Meski dunia sudah melalui pandemi, khususnya Indonesia yang berhasil menyelamatkan ekonominya, risiko pada perekomonian belum memudar.
Menteri Keuangan (Menkeu) Sri Mulyani Indrawati mengatakan, lonjakan inflasi di sejumlah negara maju kini menjadi risiko terbesar bagi ekonomi global.
Hal itu disampaikan Menkeu dalam Gala Seminar ASEAN 2023: “Enhancing Policy Calibration for Macro Financial Resilience” pada Rabu sore (29/3/2023).
Hadir juga dalam seminar itu, Gubernur Bank Indonesia Perry Warjiyo dan Gubernur Bangko Sentral Ng Pilipinas Felipe M Medalla.

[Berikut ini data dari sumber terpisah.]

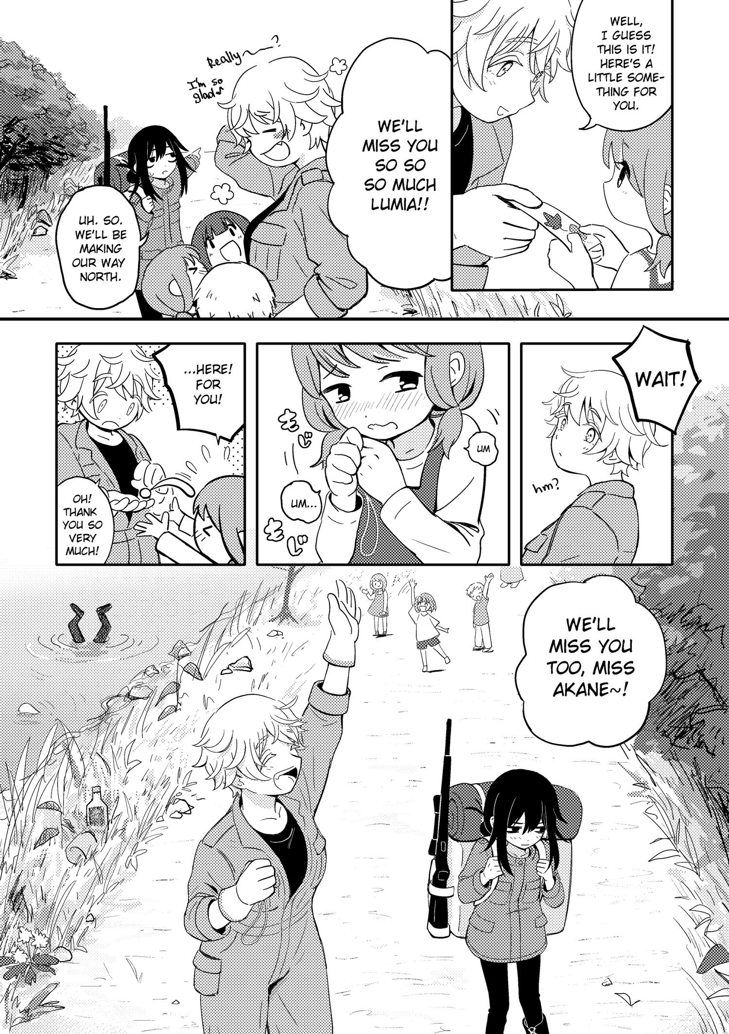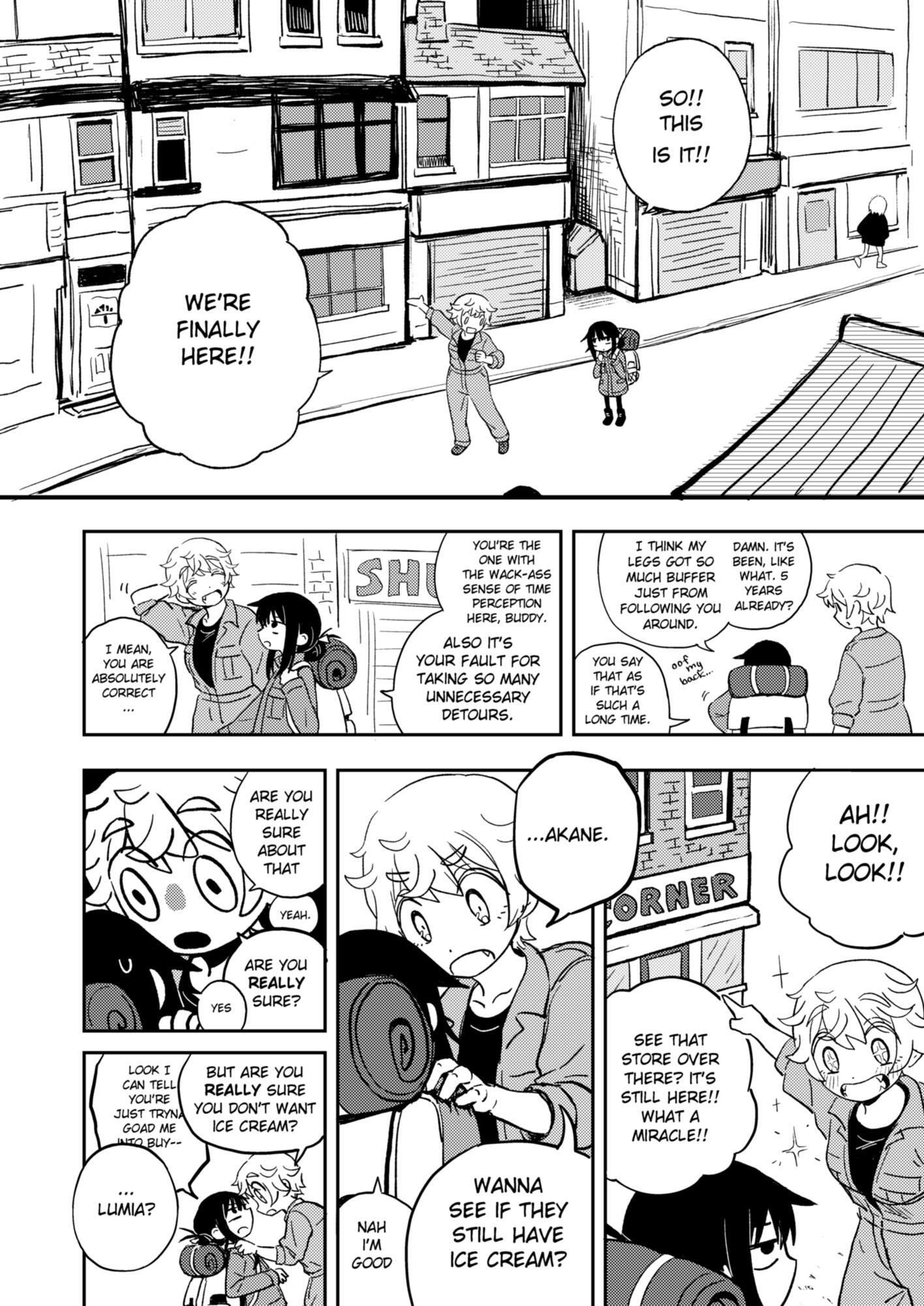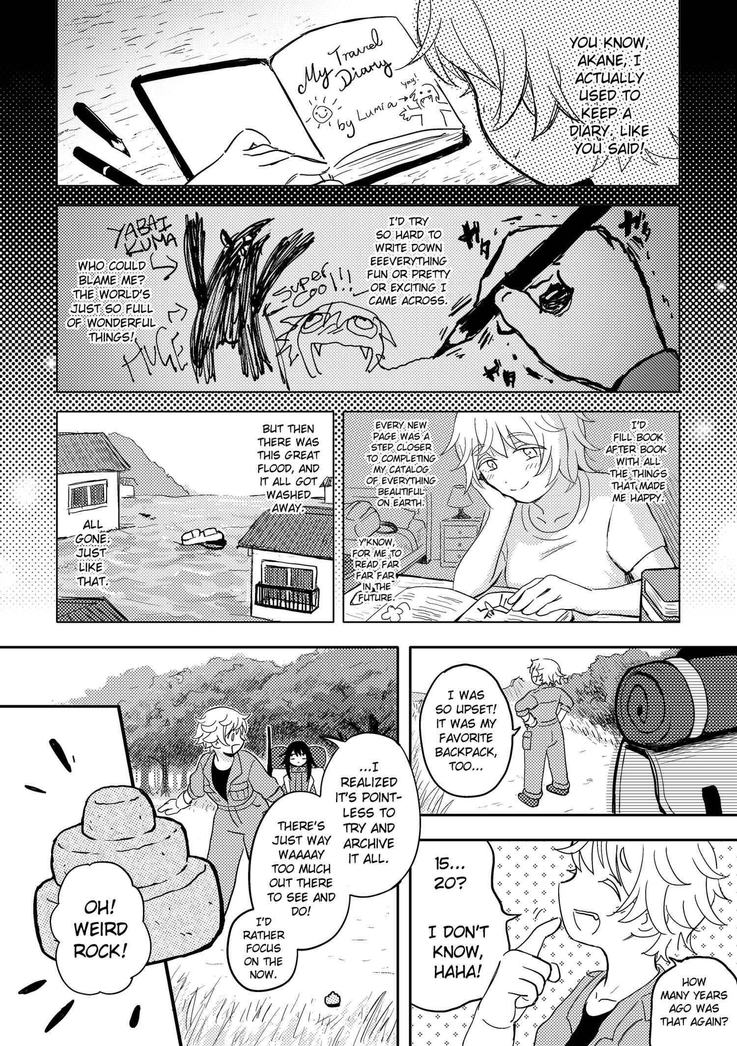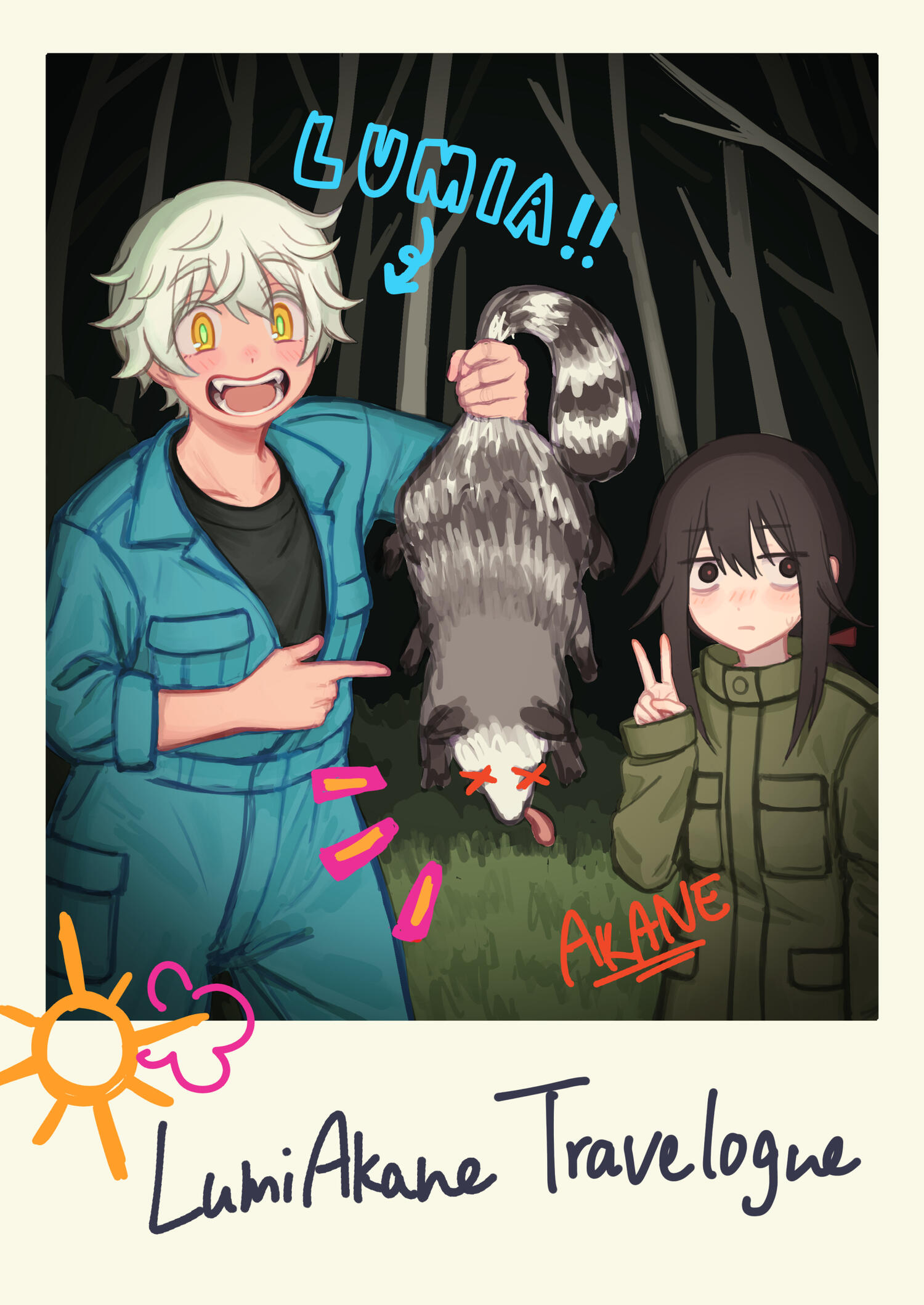 LumiAkane Travelogue is about an immortal with magic light powers and an optimistic outlook on life and a human being with a cynical attitude. together, they travel through a world on the edge of falling apart for a number of years and occasionally wax philosophical about the meaning of life and various other things.read right to left.full oneshot coming soon sometime this year.... hopefully sooner than later....

"Saat kita berada di tahun 2022 Kita tahu bahwa dunia sedang berubah. Bukan lagi pandemi sebagai risiko terbesar, inflasi menjadi risiko terbesar secara global," kata Sri Mulyani saat memberikan paparan di Bali Nusa Dua Convention Center 1 (BNDCC 1), Nusa Dua, Bali Rabu (29/3/2023).
"Dan dengan itu respon dari bank sentral, khususnya The Fed dan Bank Sentral Eropa, yang menetapkan kenaikan yang sangat tajam, tentunya menciptakan perlombaan tambahan atau perubahan, baik untuk kebijakan makro maupun perekonomian secara umum," ujarnya.
Hal ini membuat Kementerian Keuangan dan otoritas di Tanah Air harus mengkalibrasi ulang bauran kebijakan mereka dengan Bank Indonesia.
Menkeu mengungkapkan, "selama pandemi saya bisa mendapatkan pembiayaan defisit dari bank sentral, tapi itu hanya selama pandemi, tetapi kami memanfaatkan semua ruang yang disediakan Gubernur Perry kepada kami".
"Kami menggunakan semua ruang, meskipun sebenarnya kami tidak membutuhkan pembiayaan ini karena defisit kami sebenarnya sangat rendah," lanjutnya.
"Kami menggunakannya untuk benar-benar membangun penyangga di tahun 2022, karena kami tahu di tahun 2023 kami akan terpukul keras oleh kenaikan suku bunga akibat inflasi (di negara maju dan penerbitan obligasi yang mahal," tambah Menkeu.
Advertisement
Dikalibrasi Ulang
Memasuki bulan ketiga tahun 2023, Sri Mulyani mengatakan, Pemerintah masih ada banyak penyangga uang tunai. "Tetapi kita tahu bahwa ini sebenarnya untuk melindungi kita dari situasi global yang sangat bergejolak," tambah dia.
Sehingga bauran kebijakan terus dikalibrasi ulang karena setiap tahun, tantangan datang dari sumber risiko yang berbeda. Tetapi fundamental ekonomi harus dipertahankan dan perlu dipastikan kuat dan sehat.
"Maka dalam hal itu muncul kembali Menteri Keuangan yang bertanggung jawab atas neraca pemerintah, dan jika kebijakan fiskalnya sehat dan kredibel, maka pekerjaan bank sentral juga akan lebih mudah karena mereka tidak hanya harus menstabilkan inflasi, juga menjaga stabilitas ekonomi," pungkasnya.
"Sepertinya terlihat dermawan, tetapi sebenarnya melayani kepentingan kita sendiri juga dalam hal ini, bahwa obligasi juga ada di neraca bank sentral. dan sekarang obligasi juga ada di neraca perbankan," imbuh Sri Mulyani.